(Beginning of Information shown)

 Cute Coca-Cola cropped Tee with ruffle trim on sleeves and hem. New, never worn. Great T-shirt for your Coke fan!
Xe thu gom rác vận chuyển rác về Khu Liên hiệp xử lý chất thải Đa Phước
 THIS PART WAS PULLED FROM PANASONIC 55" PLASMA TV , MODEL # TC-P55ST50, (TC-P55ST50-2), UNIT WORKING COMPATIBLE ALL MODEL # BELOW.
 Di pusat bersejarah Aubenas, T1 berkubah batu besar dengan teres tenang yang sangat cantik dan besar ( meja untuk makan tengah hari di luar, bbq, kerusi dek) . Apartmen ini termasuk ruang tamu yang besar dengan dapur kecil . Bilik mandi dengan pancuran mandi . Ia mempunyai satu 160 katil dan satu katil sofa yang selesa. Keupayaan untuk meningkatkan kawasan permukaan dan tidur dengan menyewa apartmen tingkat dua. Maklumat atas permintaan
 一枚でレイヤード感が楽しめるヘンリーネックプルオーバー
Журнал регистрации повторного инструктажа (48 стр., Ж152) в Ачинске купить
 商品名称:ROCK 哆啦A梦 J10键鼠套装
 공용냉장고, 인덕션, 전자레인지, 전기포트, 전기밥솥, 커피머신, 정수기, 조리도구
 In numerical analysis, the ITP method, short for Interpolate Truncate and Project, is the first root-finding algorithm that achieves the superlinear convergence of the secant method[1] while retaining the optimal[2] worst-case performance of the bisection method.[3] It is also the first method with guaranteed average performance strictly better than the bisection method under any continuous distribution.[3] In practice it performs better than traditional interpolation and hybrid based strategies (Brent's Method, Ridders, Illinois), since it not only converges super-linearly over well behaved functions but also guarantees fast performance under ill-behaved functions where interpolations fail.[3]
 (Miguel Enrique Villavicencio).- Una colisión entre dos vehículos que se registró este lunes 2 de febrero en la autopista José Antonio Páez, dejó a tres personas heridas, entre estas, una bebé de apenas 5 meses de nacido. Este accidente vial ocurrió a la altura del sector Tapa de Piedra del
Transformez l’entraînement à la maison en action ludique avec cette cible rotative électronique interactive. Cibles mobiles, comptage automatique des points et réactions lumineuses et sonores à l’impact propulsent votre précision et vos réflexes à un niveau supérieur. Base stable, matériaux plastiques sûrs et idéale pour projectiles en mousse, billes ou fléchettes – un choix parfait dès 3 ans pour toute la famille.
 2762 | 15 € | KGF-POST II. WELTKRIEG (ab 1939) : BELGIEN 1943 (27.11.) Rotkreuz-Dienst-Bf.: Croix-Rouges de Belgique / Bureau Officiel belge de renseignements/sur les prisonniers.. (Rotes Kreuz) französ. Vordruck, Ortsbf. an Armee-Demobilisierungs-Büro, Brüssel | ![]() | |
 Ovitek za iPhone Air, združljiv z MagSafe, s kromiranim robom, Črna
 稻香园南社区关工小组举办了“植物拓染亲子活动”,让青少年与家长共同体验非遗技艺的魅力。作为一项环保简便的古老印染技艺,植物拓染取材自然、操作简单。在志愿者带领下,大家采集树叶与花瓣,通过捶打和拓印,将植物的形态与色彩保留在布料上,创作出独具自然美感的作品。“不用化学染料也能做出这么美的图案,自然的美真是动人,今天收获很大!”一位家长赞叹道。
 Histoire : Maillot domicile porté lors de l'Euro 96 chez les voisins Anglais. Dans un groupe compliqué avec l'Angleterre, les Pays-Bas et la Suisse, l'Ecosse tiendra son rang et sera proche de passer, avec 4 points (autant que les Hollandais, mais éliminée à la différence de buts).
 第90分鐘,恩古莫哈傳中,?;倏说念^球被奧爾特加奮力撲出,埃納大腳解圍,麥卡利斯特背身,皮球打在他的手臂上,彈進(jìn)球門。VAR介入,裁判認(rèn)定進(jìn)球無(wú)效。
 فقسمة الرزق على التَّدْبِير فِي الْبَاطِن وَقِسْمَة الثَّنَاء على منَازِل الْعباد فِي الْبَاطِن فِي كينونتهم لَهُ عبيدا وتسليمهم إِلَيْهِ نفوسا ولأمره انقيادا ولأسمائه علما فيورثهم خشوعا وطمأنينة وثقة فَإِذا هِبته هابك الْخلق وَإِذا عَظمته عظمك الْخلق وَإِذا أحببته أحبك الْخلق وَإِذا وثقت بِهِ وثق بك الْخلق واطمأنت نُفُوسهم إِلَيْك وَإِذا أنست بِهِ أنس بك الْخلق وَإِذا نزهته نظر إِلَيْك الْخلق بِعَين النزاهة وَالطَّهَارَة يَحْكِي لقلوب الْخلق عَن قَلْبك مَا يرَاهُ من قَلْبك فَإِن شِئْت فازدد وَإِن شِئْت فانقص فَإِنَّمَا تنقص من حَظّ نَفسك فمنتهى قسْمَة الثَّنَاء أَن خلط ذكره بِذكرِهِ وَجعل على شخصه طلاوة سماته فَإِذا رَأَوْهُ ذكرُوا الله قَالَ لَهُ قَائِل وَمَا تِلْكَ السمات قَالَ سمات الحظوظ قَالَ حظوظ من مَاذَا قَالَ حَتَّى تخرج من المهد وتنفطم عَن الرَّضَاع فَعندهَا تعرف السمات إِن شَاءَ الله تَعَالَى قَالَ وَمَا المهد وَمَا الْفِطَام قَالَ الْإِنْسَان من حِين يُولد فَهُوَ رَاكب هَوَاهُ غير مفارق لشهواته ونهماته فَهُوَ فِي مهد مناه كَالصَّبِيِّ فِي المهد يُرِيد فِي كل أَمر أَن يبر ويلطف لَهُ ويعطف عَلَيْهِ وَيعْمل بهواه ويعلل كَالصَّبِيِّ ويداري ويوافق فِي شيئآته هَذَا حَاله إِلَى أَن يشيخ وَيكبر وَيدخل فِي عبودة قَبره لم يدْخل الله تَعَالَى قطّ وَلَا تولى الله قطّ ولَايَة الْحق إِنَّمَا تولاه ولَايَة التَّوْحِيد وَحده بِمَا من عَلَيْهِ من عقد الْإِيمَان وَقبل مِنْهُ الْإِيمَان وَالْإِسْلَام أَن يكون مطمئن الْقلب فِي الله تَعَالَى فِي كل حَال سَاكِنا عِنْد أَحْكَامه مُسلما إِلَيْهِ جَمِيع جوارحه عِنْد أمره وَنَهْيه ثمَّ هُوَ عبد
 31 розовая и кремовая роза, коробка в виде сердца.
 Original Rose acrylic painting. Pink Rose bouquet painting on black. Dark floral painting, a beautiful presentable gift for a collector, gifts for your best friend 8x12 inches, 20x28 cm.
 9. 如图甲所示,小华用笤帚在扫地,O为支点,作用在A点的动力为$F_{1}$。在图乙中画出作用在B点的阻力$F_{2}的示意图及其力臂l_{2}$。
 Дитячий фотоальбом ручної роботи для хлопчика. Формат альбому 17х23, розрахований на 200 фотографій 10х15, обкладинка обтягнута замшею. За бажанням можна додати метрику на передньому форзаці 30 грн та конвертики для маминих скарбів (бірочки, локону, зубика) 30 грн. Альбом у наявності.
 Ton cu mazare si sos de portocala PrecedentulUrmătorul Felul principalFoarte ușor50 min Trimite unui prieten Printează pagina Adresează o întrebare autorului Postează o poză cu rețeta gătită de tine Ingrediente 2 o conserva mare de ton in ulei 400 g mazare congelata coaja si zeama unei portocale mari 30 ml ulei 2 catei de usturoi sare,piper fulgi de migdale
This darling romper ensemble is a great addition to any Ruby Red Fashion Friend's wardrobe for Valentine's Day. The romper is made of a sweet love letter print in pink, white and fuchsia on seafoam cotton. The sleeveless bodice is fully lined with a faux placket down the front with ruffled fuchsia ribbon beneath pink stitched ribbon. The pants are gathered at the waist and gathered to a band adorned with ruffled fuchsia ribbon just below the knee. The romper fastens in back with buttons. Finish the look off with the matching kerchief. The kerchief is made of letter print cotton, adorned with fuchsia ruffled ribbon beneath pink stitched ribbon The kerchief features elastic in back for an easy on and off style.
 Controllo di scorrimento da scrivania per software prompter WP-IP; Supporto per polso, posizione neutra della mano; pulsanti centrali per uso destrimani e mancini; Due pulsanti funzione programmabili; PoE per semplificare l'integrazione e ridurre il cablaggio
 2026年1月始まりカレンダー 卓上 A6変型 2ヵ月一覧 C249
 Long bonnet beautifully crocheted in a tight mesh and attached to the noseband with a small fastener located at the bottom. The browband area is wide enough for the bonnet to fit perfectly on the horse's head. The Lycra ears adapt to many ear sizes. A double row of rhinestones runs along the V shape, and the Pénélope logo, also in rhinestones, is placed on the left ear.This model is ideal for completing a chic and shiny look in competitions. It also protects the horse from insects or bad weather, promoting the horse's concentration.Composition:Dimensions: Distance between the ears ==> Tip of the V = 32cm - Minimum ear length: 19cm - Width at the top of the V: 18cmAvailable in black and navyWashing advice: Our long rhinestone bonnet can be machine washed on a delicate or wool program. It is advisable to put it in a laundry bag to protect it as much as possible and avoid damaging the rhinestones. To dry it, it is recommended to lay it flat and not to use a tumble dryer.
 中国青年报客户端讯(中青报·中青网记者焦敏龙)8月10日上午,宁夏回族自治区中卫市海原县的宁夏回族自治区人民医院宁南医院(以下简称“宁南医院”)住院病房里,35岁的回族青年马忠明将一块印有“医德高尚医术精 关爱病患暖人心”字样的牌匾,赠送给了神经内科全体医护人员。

(End of Information shown)

Work task: Set down exactly the lines of the data above, beginning with the line that has "This darling romper" and ending with the line that has "2026年1月始まりカレンダー 卓上 A6変型 2ヵ月一覧 C249", and no others.

Solution below:
This darling romper ensemble is a great addition to any Ruby Red Fashion Friend's wardrobe for Valentine's Day. The romper is made of a sweet love letter print in pink, white and fuchsia on seafoam cotton. The sleeveless bodice is fully lined with a faux placket down the front with ruffled fuchsia ribbon beneath pink stitched ribbon. The pants are gathered at the waist and gathered to a band adorned with ruffled fuchsia ribbon just below the knee. The romper fastens in back with buttons. Finish the look off with the matching kerchief. The kerchief is made of letter print cotton, adorned with fuchsia ruffled ribbon beneath pink stitched ribbon The kerchief features elastic in back for an easy on and off style.
 Controllo di scorrimento da scrivania per software prompter WP-IP; Supporto per polso, posizione neutra della mano; pulsanti centrali per uso destrimani e mancini; Due pulsanti funzione programmabili; PoE per semplificare l'integrazione e ridurre il cablaggio
 2026年1月始まりカレンダー 卓上 A6変型 2ヵ月一覧 C249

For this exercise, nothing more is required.